An exact transcription of each entry below is required, without any pictures.

**Records for the task**
----------------------------------------
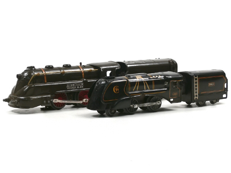 version électrique - manque bissel avant avec roues & axe - tampons incomplets - un ressort de frotteur écrasé - attelage déformé - un axe de roue de tender légèrement déformé
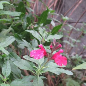 チェリーセージ?🌱 我が家で珍しい真っ赤な花 雨あがりで、鮮やか✨です
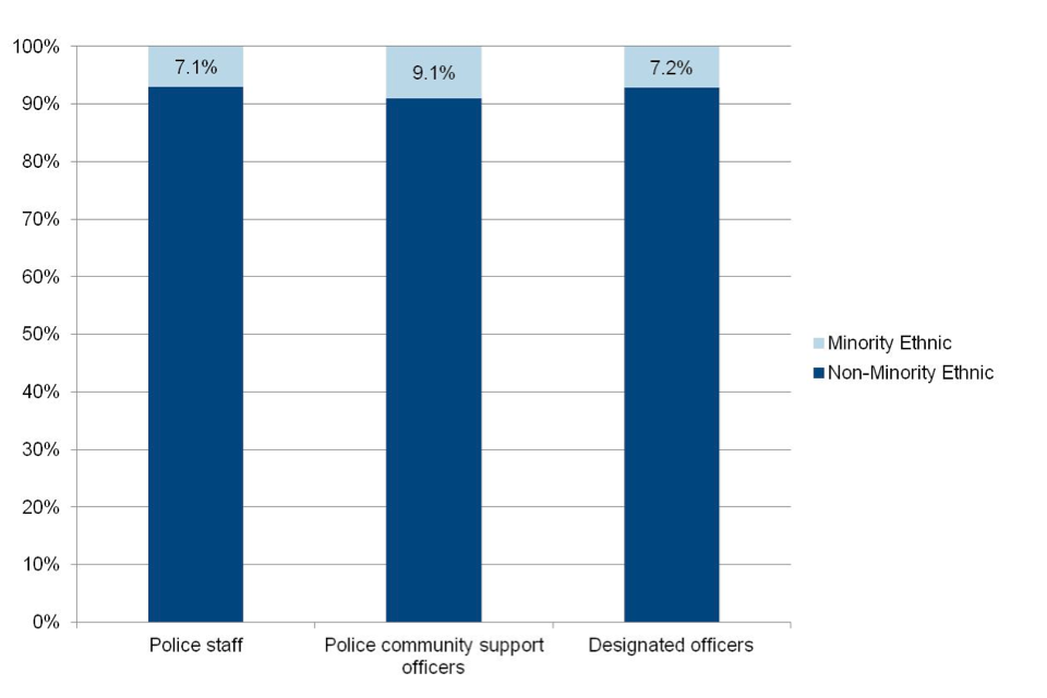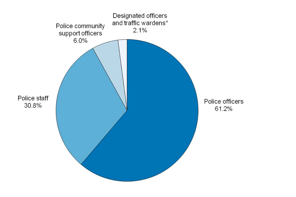 2. These figures include police officers, police staff, police community support officers, designated officers and traffic wardens. They exclude special constables.
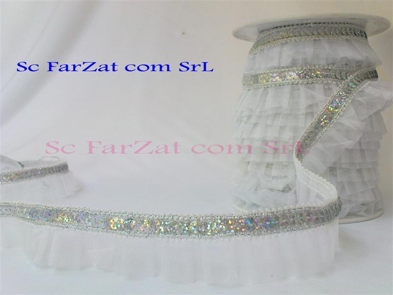 Aplicatie confectionata din tesatura organza alba cu paiete argintii avand latimea de 3cm.
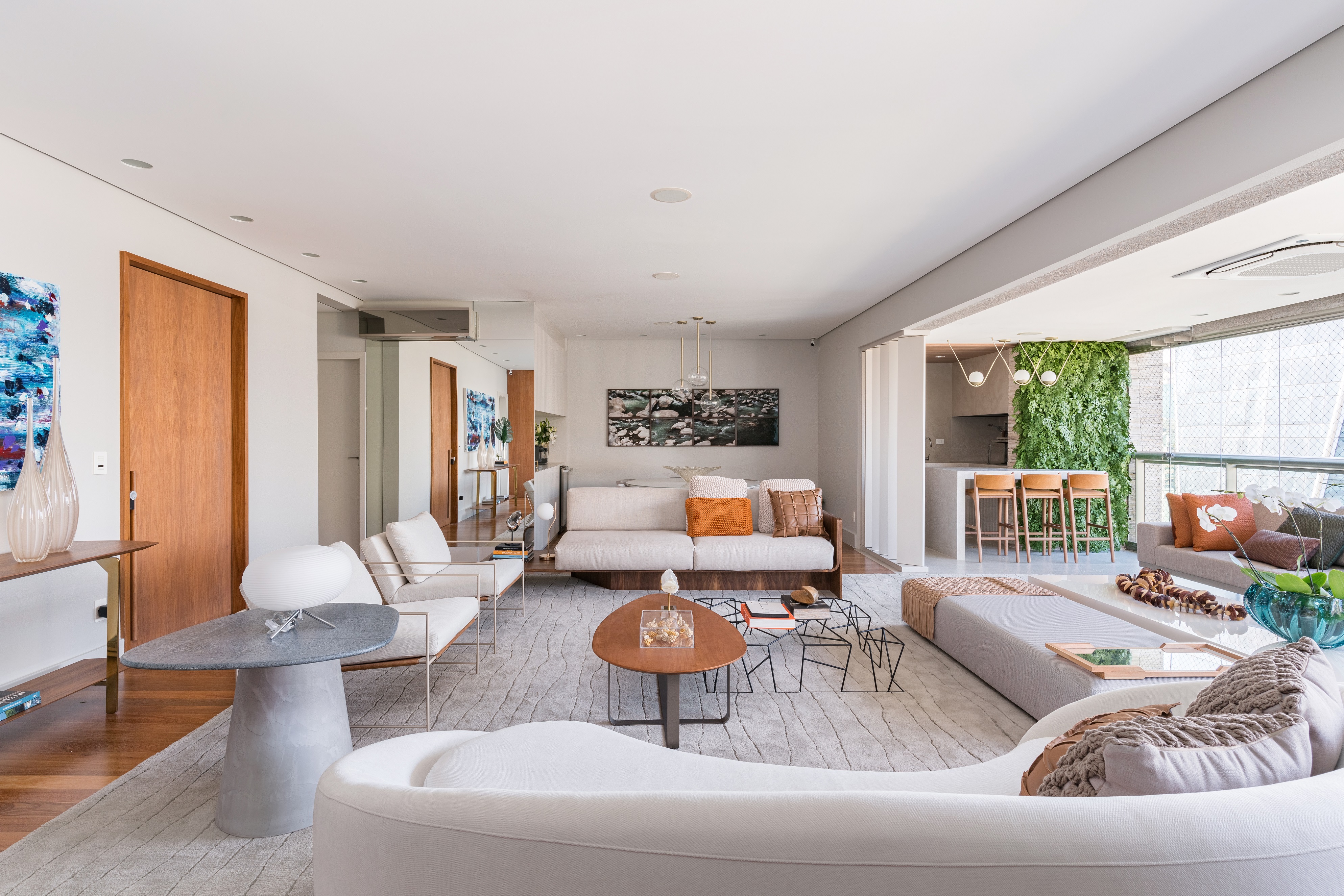 Os destaques do projeto estão no quadro da artista Gigi Monteiro, que fica no hall de entrada. Além disso, chamam atenção as paredes verdes das duas extremidades da varanda, o tapete comprido que conecta toda a extensão do living e as poltronas da entrada, que possuem belíssimos detalhes em seus encostos, proporcionando uma estética visual que recepciona ao abrir a porta.
----------------------------------------
**Your response**
 version électrique - manque bissel avant avec roues & axe - tampons incomplets - un ressort de frotteur écrasé - attelage déformé - un axe de roue de tender légèrement déformé
 チェリーセージ?🌱 我が家で珍しい真っ赤な花 雨あがりで、鮮やか✨です
 2. These figures include police officers, police staff, police community support officers, designated officers and traffic wardens. They exclude special constables.
 Aplicatie confectionata din tesatura organza alba cu paiete argintii avand latimea de 3cm.
 Os destaques do projeto estão no quadro da artista Gigi Monteiro, que fica no hall de entrada. Além disso, chamam atenção as paredes verdes das duas extremidades da varanda, o tapete comprido que conecta toda a extensão do living e as poltronas da entrada, que possuem belíssimos detalhes em seus encostos, proporcionando uma estética visual que recepciona ao abrir a porta.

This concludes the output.